Мне очень редко снятся сны — наверное, не чаще чем раз в год. А война не снилась никогда — во всяком случае та, которую я пережил. Но один военный сюжет преследовал меня долгие годы: снилось мне, что я попал или попадаю в плен.
Надо немедленно уходить, немцы вот-вот замкнут кольцо, а у меня онемели ноги, не могу сдвинуться с места. Или я уже в колонне захваченных в плен, немецких конвоиров не так много, впереди овраг — надо скатиться вниз, это последний, единственный шанс спастись, а я никак не могу пробраться в крайний, самый близкий к оврагу ряд.
Просыпаюсь в холодном поту. Видно, больше всего, больше смерти я боялся попасть в плен, понимал, что меня там может ждать, но подавлял в себе, отстранял этот страх.

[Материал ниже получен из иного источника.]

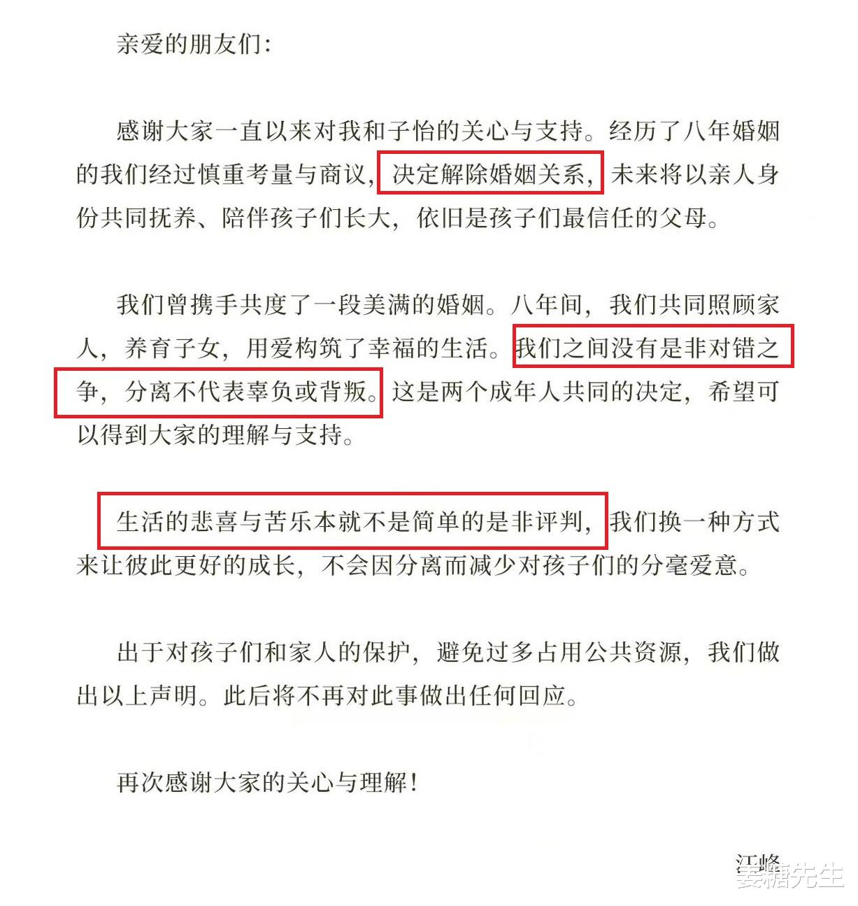 离婚是一件很私人的事情,我们无法完全了解他们的内心和背后的故事。希望他们能够以平和的心态面对这个决定,并且在未来的生活中找到属于自己的幸福

Не знаю, были ли на фронте люди, не ведавшие страха. По-моему, под огнем всем страшно, особенно на первых порах. Но рядом товарищи, им угрожают те же опасности, они держатся, стыдно перед ними обнаружить свой страх — об этом написал Булат Окуджава в стихотворении «Первый день на передовой»: «…я в глаза товарищам гляжу-гляжу: (а что, если кто-нибудь в том сне побывал?) А что, если видели, как я воевал?» Стыд помогает преодолеть страх.
Конечно, здесь важна мера — стыд, как водка (сто грамм добавляют мужества, а большее количество выпитого приводит к опасной бесшабашности — своими глазами видел, чем это иногда кончается), может оборачиваться и утратой необходимой в бою осмотрительности, пренебрежением реальной иерархией опасностей, все становится нипочем.

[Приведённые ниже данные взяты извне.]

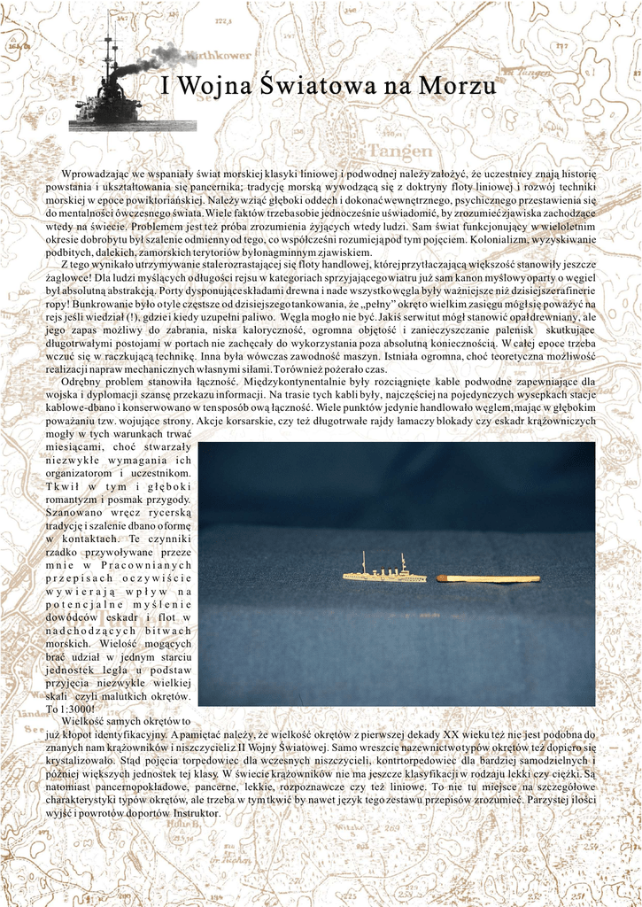 I Wojna Œwiatowa na Morzu Wprowadzaj¹c we wspania³y œwiat morskiej klasyki liniowej i podwodnej nale¿y za³o¿yæ, ¿e uczestnicy znaj¹ historiê powstania i ukszta³towania siê pancernika; tradycjê morsk¹ wywodz¹c¹ siê z doktryny floty liniowej i rozwój techniki morskiej w epoce powiktoriañskiej. Nale¿y wzi¹æ g³êboki oddech i dokonaæ wewnêtrznego, psychicznego przestawienia siê do mentalnoœci ówczesnego œwiata. Wiele faktów trzeba sobie jednoczeœnie uœwiadomiæ, by zrozumieæ zjawiska zachodz¹ce wtedy na œwiecie. Problemem jest te¿ próba zrozumienia ¿yj¹cych wtedy ludzi. Sam œwiat funkcjonuj¹cy w wieloletnim okresie dobrobytu by³ szalenie odmienny od tego, co wspó³czeœni rozumiej¹ pod tym pojêciem. Kolonializm, wyzyskiwanie podbitych, dalekich, zamorskich terytoriów by³o nagminnym zjawiskiem. Z tego wynika³o utrzymywanie stale rozrastaj¹cej siê floty handlowej, której przyt³aczaj¹c¹ wiêkszoœæ stanowi³y jeszcze ¿aglowce! Dla ludzi myœl¹cych o d³ugoœci rejsu w kategoriach sprzyjaj¹cego wiatru ju¿ sam kanon myœlowy oparty o wêgiel by³ absolutn¹ abstrakcj¹. Porty dysponuj¹ce sk³adami drewna i nade wszystko wêgla by³y wa¿niejsze ni¿ dzisiejsze rafinerie ropy! Bunkrowanie by³o o tyle czêstsze od dzisiejszego tankowania, ¿e „pe³ny” okrêt o wielkim zasiêgu móg³ siê powa¿yæ na rejs jeœli wiedzia³ (!), gdzie i kiedy uzupe³ni paliwo. Wêgla mog³o nie byæ. Jakiœ serwitut móg³ stanowiæ opa³ drewniany, ale jego zapas mo¿liwy do zabrania, niska kalorycznoœæ, ogromna objêtoœæ i zanieczyszczanie palenisk skutkuj¹ce d³ugotrwa³ymi postojami w portach nie zachêca³y do wykorzystania poza absolutn¹ koniecznoœci¹. W ca³ej epoce trzeba wczuæ siê w raczkuj¹c¹ technikê. Inna by³a wówczas zawodnoœæ maszyn. Istnia³a ogromna, choæ teoretyczna mo¿liwoœæ realizacji napraw mechanicznych w³asnymi si³ami. To równie¿ po¿era³o czas. Odrêbny problem stanowi³a ³¹cznoœæ. Miêdzykontynentalnie by³y rozci¹gniête kable podwodne zapewniaj¹ce dla wojska i dyplomacji szansê przekazu informacji. Na trasie tych kabli by³y, najczêœciej na pojedynczych wysepkach stacje kablowe-dbano i konserwowano w ten sposób ow¹ ³¹cznoœæ. Wiele punktów jedynie handlowa³o wêglem, maj¹c w g³êbokim powa¿aniu tzw. wojuj¹ce strony. Akcje korsarskie, czy te¿ d³ugotrwa³e rajdy ³amaczy blokady czy eskadr kr¹¿owniczych mog³y w tych warunkach trwaæ miesi¹cami, choæ stwarza³y niezwyk³e wymagania ich organizatorom i uczestnikom. Tkwi³ w tym i g³êboki romantyzm i posmak przygody. Szanowano wrêcz rycersk¹ tradycjê i szalenie dbano o formê w kontaktach. Te czynniki rzadko przywo³ywane przeze mnie w Pracownianych przepisach oczywiœcie wywieraj¹ wp³yw na potencjalne myœlenie dowódców eskadr i flot w nadchodz¹cych bitwach morskich. Wieloœæ mog¹cych braæ udzia³ w jednym starciu jednostek leg³a u podstaw przyjêcia niezwykle wielkiej skali czyli malutkich okrêtów. To 1:3000! Wielkoœæ samych okrêtów to ju¿ k³opot identyfikacyjny. A pamiêtaæ nale¿y, ¿e wielkoœæ okrêtów z pierwszej dekady XX wieku te¿ nie jest podobna do znanych nam kr¹¿owników i niszczycieli z II Wojny Œwiatowej. Samo wreszcie nazewnictwo typów okrêtów te¿ dopiero siê krystalizowa³o. St¹d pojêcia torpedowiec dla wczesnych niszczycieli, kontrtorpedowiec dla bardziej samodzielnych i póŸniej wiêkszych jednostek tej klasy. W œwiecie kr¹¿owników nie ma jeszcze klasyfikacji w rodzaju lekki czy ciê¿ki. S¹ natomiast pancernopok³adowe, pancerne, lekkie, rozpoznawcze czy te¿ liniowe. To nie tu miejsce na szczegó³owe charakterystyki typów okrêtów, ale trzeba w tym tkwiæ by nawet jêzyk tego zestawu przepisów zrozumieæ. Parzystej iloœci wyjœæ i powrotów do portów Instruktor.

Не раз писали — и я ничего нового не скажу, могу лишь подтвердить это: легче всего подавить страх, когда в минуты смертельной опасности ты поглощен своим делом, поставленной перед тобой задачей.
И еще одно. Вначале, когда инициатива была у немцев, а мы отступали, немцев боялись, они были по-настоящему сильны, да еще казались гораздо сильнее, чем были на самом деле. Но вот ты побывал несколько раз под огнем, уже не так скован страхом, лучше видишь происходящее и начинаешь понимать, что и немец тебя тоже боится, может быть, не меньше, чем ты его. И это понимание, точнее, чувство, ощущение, означало, что ты стал обстрелянным солдатом.
Меру опасности осознаешь потом
На передовой к смертельной опасности привыкали. Вроде бы к этому невозможно привыкнуть, а все-таки привыкали. Не то что совершенно избавлялись от страха, но как бы приручали его.
Впрочем, несколько раз я влипал в ситуации, из которых выбирался чудом — в прямом и точном смысле этого слова, наверное, мне очень везло.
Но странное дело: в эти моменты степень опасности я в полной мере не осознавал — видимо, страх был задавлен тем напряжением, которое требовалось, чтобы выпутаться. Страх приходил потом, задним числом, когда по-настоящему осознавал, как было дело.
Однажды мне нечто подобное, но более страшное, пришлось пережить в мирное время.
В августе 1986 года моя дочь с мужем и семилетней дочкой отправились в отпуск. Путевка тогда была делом очень трудным, но Григорий Поженян, у которого были высокие друзья в Министерстве морского флота, достал им путевку на «Нахимова» (на два недельных рейса) в роскошную (броня министерства) каюту-люкс.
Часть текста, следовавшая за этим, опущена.